Quante volte abbiamo navigato sui canali della rete nella speranza di imbatterci in qualche gradita sorpresa in termini di scoperta musicale? Quante volte abbiamo contattato i siti dei musicisti più sconosciuti nella speranza di trovare ‘the next big thing in country music’?
Sicuramente il nome degli Eleven Hundred Springs, texani purosangue, non vi sarà – ancora – esattamente familiare, ma potete scommettere che le cose cambieranno a breve, in quanto il gruppo ha tutti i numeri per farsi conoscere ben oltre i pur ampi confini del natìo Texas.

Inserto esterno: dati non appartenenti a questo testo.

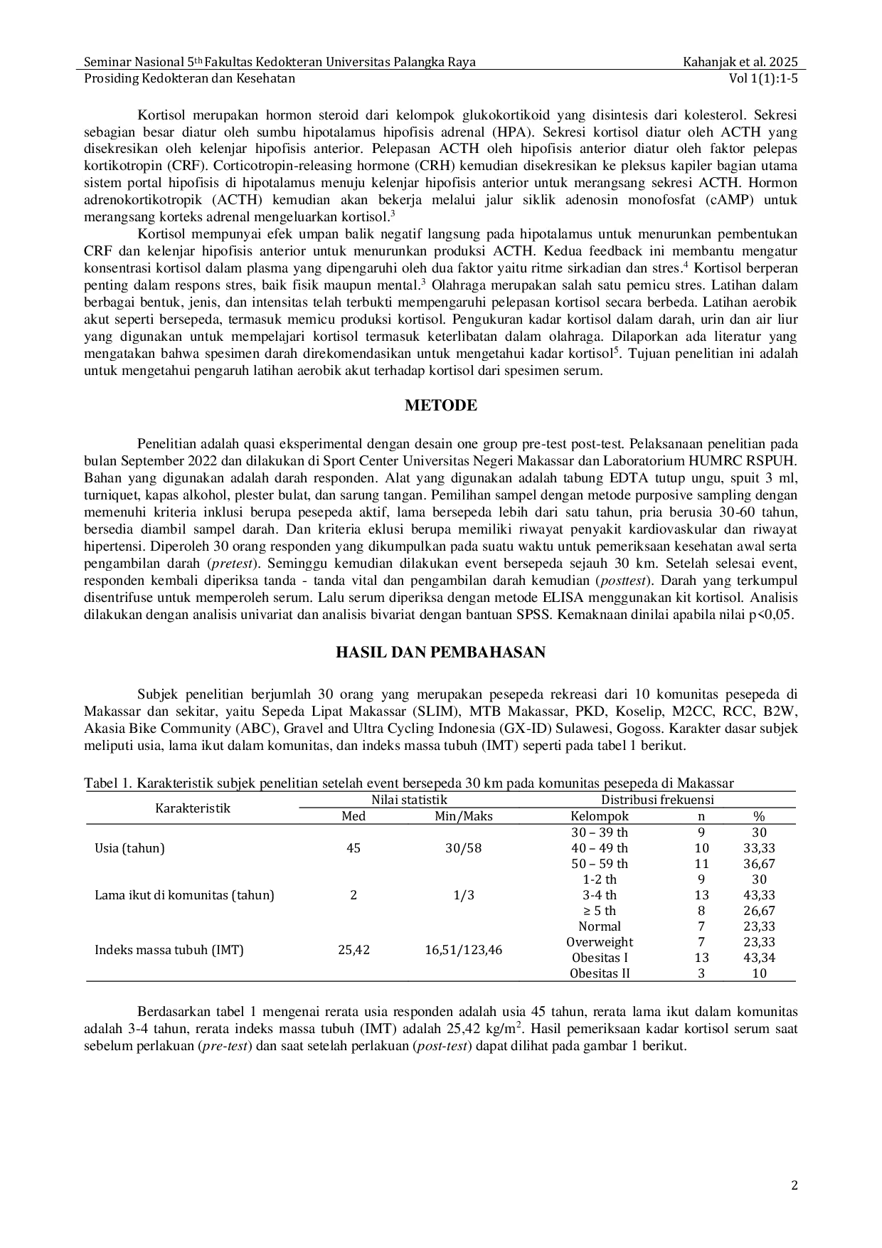 Prosiding Seminar Nasional Fakultas Kedokteran Universitas Palangka RayaProsiding Seminar Nasional Fakultas Kedokteran Universitas Palangka RayaGlukosa darah merupakan sumber energi utama saat berolahraga terutama pada olahraga daya tahan seperti bersepeda, oleh karena itu, pada penelitian ini akan dilakukan pengukuran kadar korstisol serum sebelum dan setelah diberikan perlakuan berupa latihan bersepeda sejauh 30 km. Tujuan penelitian ini bertujuan untuk mengetahui perubahan kadar kortisol serum setelah event bersepeda 30 km pada komunitas pesepeda di Makassar. Metode penelitian adalah quasi eksperimental dengan desain one group pre-test post-test. Pemilihan sampel dengan metode purposive sampling dengan memenuhi kriteria inklusi berupa pesepeda aktif, lama bersepeda lebih dari satu tahun, pria berusia 30-60 tahun, bersedia diambil sampel darah. Kriteria eklusi berupa memiliki riwayat penyakit kardiovaskular dan riwayat hipertensi. Sebanyak 30 orang responden yang dikumpulkan pada suatu waktu untuk pemeriksaan kesehatan awal serta pengambilan darah (pretest). Seminggu kemudian dilakukan event bersepeda sejauh 30 km. Setelah selesai event, responden kembali diperiksa tanda vital dan pengambilan darah kemudian (posttest). Darah yang terkumpul disentrifuse untuk memperoleh serum. Lalu serum diperiksa dengan metode ELISA menggunakan kit kortisol. Hasil, terjadi penurunan kadar kortisol serum secara bermakna sebesar -1,93 µg/dL dari 13,33 µg/dL menjadi 11,34 µg/dL (-14,19%) setelah bersepeda sejauh 30 km. Kesimpulan terdapat perbedaan antara kadar kortisol pretest dan posttest sehingga disimpulkan bahwa bersepeda sejauh 30 km dapat menurunkan kadar kortisol pada pesepeda.

La band nasce all’inizio del 1998 ed inizia a suonare per puro divertimento all’Adair Saloon di Dallas, Texas, locale reso famoso dall’abbinamento con un altro newcomer – si fa per dire, visto che ha ben cinque albums all’attivo – del Texas country: Jack Ingram.
Già nel Settembre dello stesso anno il gruppo si era creato un certo seguito locale, tanto da decidere di intensificare le performances live e di fare il salto di qualità verso il livello professionistico.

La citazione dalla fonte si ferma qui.